▶ [RECORDS SHOWN]:
╭──
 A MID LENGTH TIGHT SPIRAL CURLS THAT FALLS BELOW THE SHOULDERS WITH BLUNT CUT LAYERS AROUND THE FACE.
╰──
╭──
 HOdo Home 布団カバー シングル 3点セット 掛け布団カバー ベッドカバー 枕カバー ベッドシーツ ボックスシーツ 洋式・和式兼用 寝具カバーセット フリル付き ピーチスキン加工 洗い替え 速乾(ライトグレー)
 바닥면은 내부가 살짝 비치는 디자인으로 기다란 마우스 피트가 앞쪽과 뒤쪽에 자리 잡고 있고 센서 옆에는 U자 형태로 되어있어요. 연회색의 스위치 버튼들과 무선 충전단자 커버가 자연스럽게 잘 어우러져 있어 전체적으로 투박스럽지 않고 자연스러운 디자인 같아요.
╰──
Copy out only the lines of the records above from the one with "HOdo Home 布団カバー" through the one with "바닥면은 내부가 살짝", exactly as they stand, both included.

 HOdo Home 布団カバー シングル 3点セット 掛け布団カバー ベッドカバー 枕カバー ベッドシーツ ボックスシーツ 洋式・和式兼用 寝具カバーセット フリル付き ピーチスキン加工 洗い替え 速乾(ライトグレー)
 바닥면은 내부가 살짝 비치는 디자인으로 기다란 마우스 피트가 앞쪽과 뒤쪽에 자리 잡고 있고 센서 옆에는 U자 형태로 되어있어요. 연회색의 스위치 버튼들과 무선 충전단자 커버가 자연스럽게 잘 어우러져 있어 전체적으로 투박스럽지 않고 자연스러운 디자인 같아요.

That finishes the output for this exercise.